화학공학소재연구정보센터
IEE Proceedings-Control Theory & Applications, Vol.144, No.2, 143-152, 1997
Subsea Vehicle Path Planning Using Nonlinear-Programming and Constructive Solid Geometry
It is important to find a collision-free path for an unmanned underwater vehicle (UUV) and manipulator, from an initial to a goal configuration, when considering automated vehicle activity in and around subsea structures. The problem is particularly acute when the combined motion of a vehicle and manipulator is considered, due to large numbers of degrees of freedom (DOF) which produce a large search space, the need for an efficient search algorithm, the need for defining cost functions without local minima, and an efficient representation of object geometries to avoid collisions.

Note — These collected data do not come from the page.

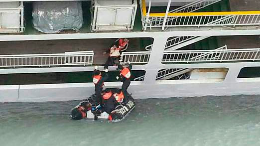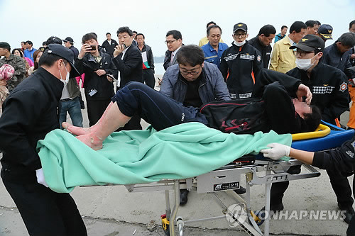 Hai người được xác nhận đã thiệt mạng, trong đó một người được tìm thấy chết bên trong tàu, còn người kia tử vong ngay sau khi được đưa đến bệnh viện trên đất liền. Ảnh: Yonhap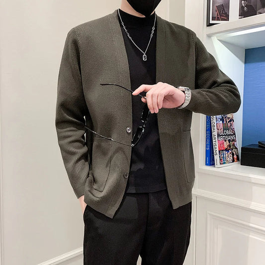saferido Men Spring Autumn Cardigan Sweater Fashion Sim Fit Patchwork V Neck Mens Knitted Cardigan Single Breasted Casual Sweatercoat Man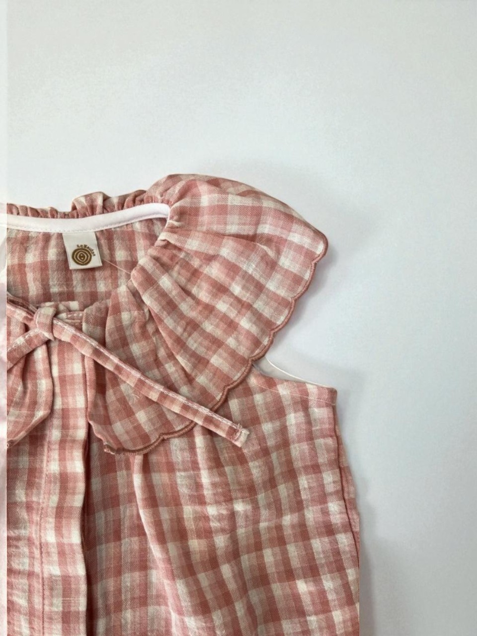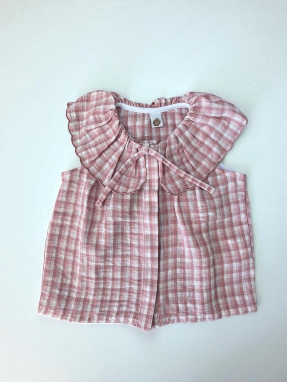 Blusa cuadrillé rosada, detalle cuello y bordado.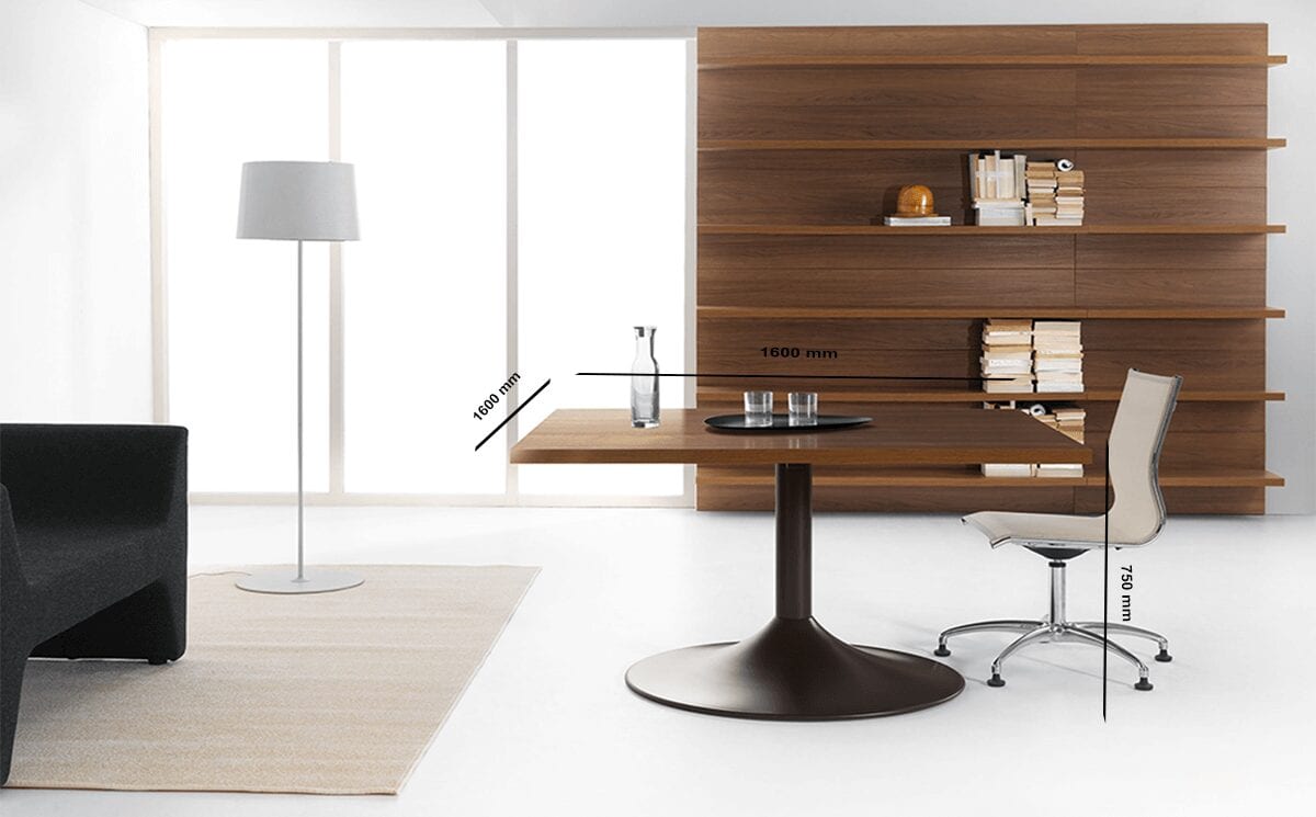 You will love the natural look of Rose and the contrasting designs of the circular trumpet base and square meeting table. Couple up the large, eye-catching bronze round base with either Dark Oak, Natural Walnut, Oak or Rosewood for a classic element in your workspace. Choosing this meeting table for office is easy as with one size you only need to pick your favourite finish. Ideal for informal chats and brainstorming sessions.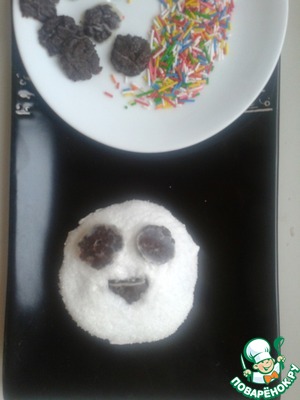 Из шоколадных точек делаем ушки, нос, основу для глаз.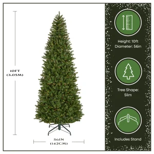 - LIFELIKE SLIM CHRISTMAS TREE: Standing 10 feet tall with a 56 inch diameter, this prelit artificial Christmas tree features 3,047 high quality PVC branch tips, perfect for hanging Christmas ornaments

Over the past 20 years, a great deal of interest and progress has developed in robot path planning. This paper concentrates on efficient searching and object representation, while removing local minima. A novel approach to subsea vehicle/manipulator path planning using a nonlinear programming approach is presented. The central idea is to represent the free space of the workspace as a set of inequality constraints of a nonlinear programming problem, using the vehicle configuration variables. The goal configuration is designed as the unique global minimum point of the objective function. The initial configuration is treated as the start point for the nonlinear search. Then the numerical algorithm developed for solving the nonlinear programming problem is applied to solve the robot motion planning problem. Every immediate point generated using the nonlinear optimisation search method guarantees that it is in the free space and, therefore, is collision free. Mathematical foundations for constructive solid geometry, Boolean operations and approximation techniques are developed and are used to represent the free space of the robot workspace as a set of inequalities. The advantages of this approach are that mature techniques developed in the past thirty years, in nonlinear programming theory for the direction of search which guarantees convergence, efficiency and numerical robustness, can be applied directly to the robot path-planning problem. Simulation results show its effectiveness, efficiency and its potential as an online motion planner.